South Africa and Human Rights

Albie Sachs considers whether the obligation on the state to promote socio-economic advance should be made a constitutional duty. He comments that where the struggle for survival is overwhelming, the freedom to vote and the right to criticise the government risk becoming devoid of practical meaning. Individual human rights can guarantee to people dying of hunger the inalienable right to use their last breath freely to curse the government. In South Africa, the judicial enforcement of socio-economic rights poses the question of whether social and economic rights can be regarded as fundamental rights enforceable directly by the courts, and if so, how? Sachs tells how a group of black South African students set up an Anti-Bill of Rights Committee. They regarded the Bill of Rights as a document established by the privileged white community to block future moves towards social and economic transformation.

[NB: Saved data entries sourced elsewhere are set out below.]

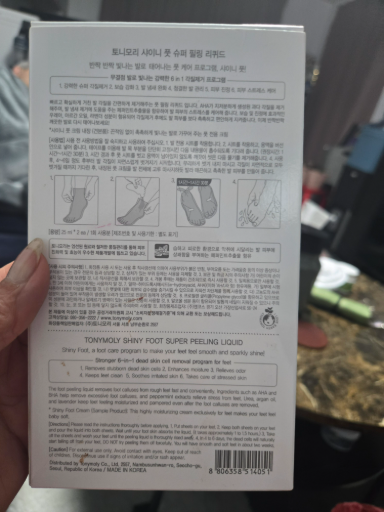 TONYMOLY Shiny Foot Super Peeling Liquid is a foot care treatment designed to exfoliate and remove dead skin cells, leaving feet soft and smooth. Manufactured in South Korea by TONYMOLY Co., Ltd., a company renowned for its innovative skincare products, this treatment utilizes a blend of AHA and BHA to gently exfoliate the skin. The product is infused with fruit extracts, including peppermint, grape, orange, apple, and lemon, as well as argan oil and lavender extract, to moisturize and soothe the skin. The treatment involves wearing plastic booties filled with the peeling liquid for approximately 1 to 1.5 hours, after which the dead skin begins to peel away naturally over the course of several days, resulting in baby-soft feet. (whatsinmyjar.com)
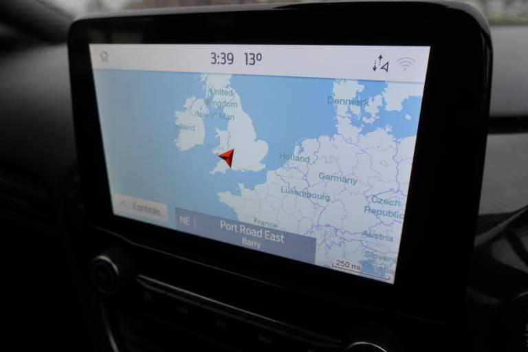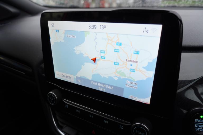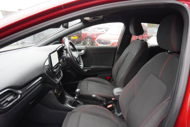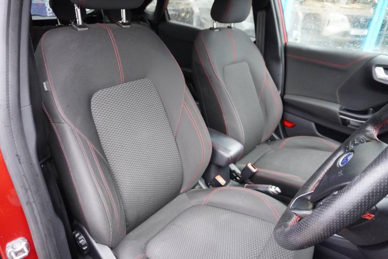 3 rear seatbelts, Autonomous emergency braking, Child safety lock, Electronic stability control (ESC) and hill start assist, Pedestrian/cyclist detection and post-collision braking, Pre collision assist system, Tyre pressure monitoring system (TPMS), Cruise control with Intelligent speed assist, Driver impairment monitor, Emergency call service, Ford easy fuel, Full digital 12.3 inch instrument cluster, Lane keeping aid with lane departure warning, Manual tailgate, Power assist steering, Power start button, Rear parking sensor, Selectable drive modes(Normal, sport, Eco, trail, slippery), Speed sign recognition, Automatic headlights with auto high beam, Automatic rain sensing wipers, Body coloured door mirrors, Body coloured roof, Large body colour rear roof spoiler, LED rear lamps, Power foldable heated door mirrors with puddle lamps, Projector headlamps with LED day time running lights and front fog lamps, Quickclear heated windscreen, Rear side wing doors, Rear wiper, Solid paint, ST-Line body styling kit with unique grille, Third brake light, 3 seat bench in 2nd row, Centre console with armrest and stowage, Ford megabox extended bootspace, Front and rear head restraints, Front floor mats, Manual 2 way passenger seat adjustment, Manual 4 way driver seat adjust with lumbar adjustment, Manual air conditioning, Single front passenger seat, ST- Line cloth trim with red stitching, ST-Line flat bottomed sensico leather steering wheel with leather handbrake and aluminium gear knob, Ford SYNC 3 navigation pack - Puma, Sport suspension, Thatcham alarm, 17 inch 5x2 spoke black machined finished alloy wheel, Tyre inflation kit
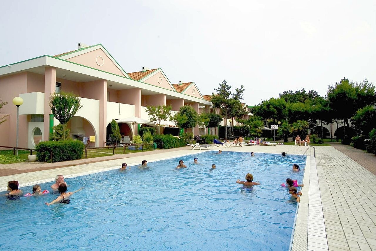 Újjabb építésű ház, 500 m-re a tengertől, a Piazza Fontana közelében BIBIONE SPIAGGIA részén, 50 sorvillából áll, saját kerttel rendelkezik. Minden apartmanhoz autóhely/garázs tartozik és légkondicionálóval felszereltek. Teljesen körülzárt, 2 bejárattal, emellett egy nagy medencéje van gyermekeknek és felnőtteknek egyaránt. A kertben napozóterasz is található.
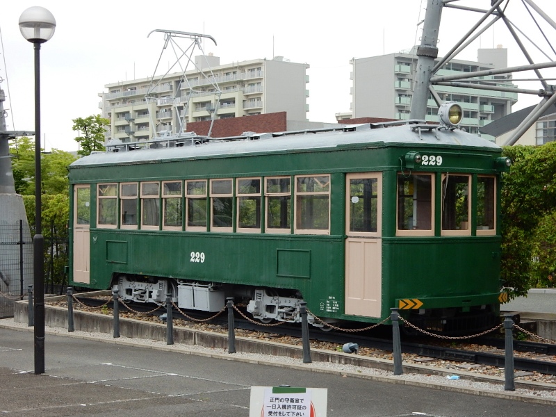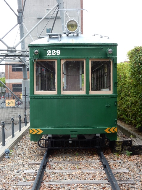 ココにあるのはモ205型のうちの229号車。平野線跡地の終点付近に
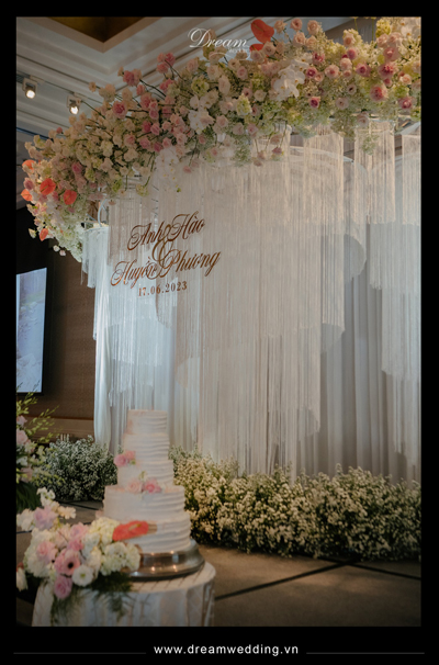 Và rồi chính sự mộng mơ và lãng mạn ấy lại là điểm đến cuối cùng trong hành trình yêu của Hào & Phương. Với mong muốn truyền tải hết câu chuyện tình yêu của hai bạn, chúng mình đã mang đến một lễ cưới đầy ắp sự ngọt ngào của hoa tươi với tone màu hồng pastel và trắng làm chủ đạo đã biến hoá một không gian đơn giản trở nên sang trọng đến tinh tế như một lời chúc chân thành của Dream Wedding gửi đến hai bạn.

Whites owned 87 per cent of South African land and 95 per cent of its productive capital. Property rights guaranteed by the Bill of Rights meant that the poor would remain poor and the rich would get richer. Sachs was detained in solitary confinement for 90 days without charge, trial, or access to lawyers on suspicion that he had information which could help security forces in dealing with anti-state activity. Following the 90 day period, he was immediately detained for another 90 days. Sachs states that the law created a vacuum, a space with a totally extralegal area, with only the conscience or system of command of the authorities to prevent abuse if people were locked up. Basic decisions on guilt or innocence were made by the security police. The exceptional became the normal. Sachs’ practical experience is that, once the door is opened to diminishing respect for the rule of law, the door is closed to the rule of law, to habeas corpus, to standards of interrogation, to the right to a fair trial. The opening or the closing of the door is never enough for the security people.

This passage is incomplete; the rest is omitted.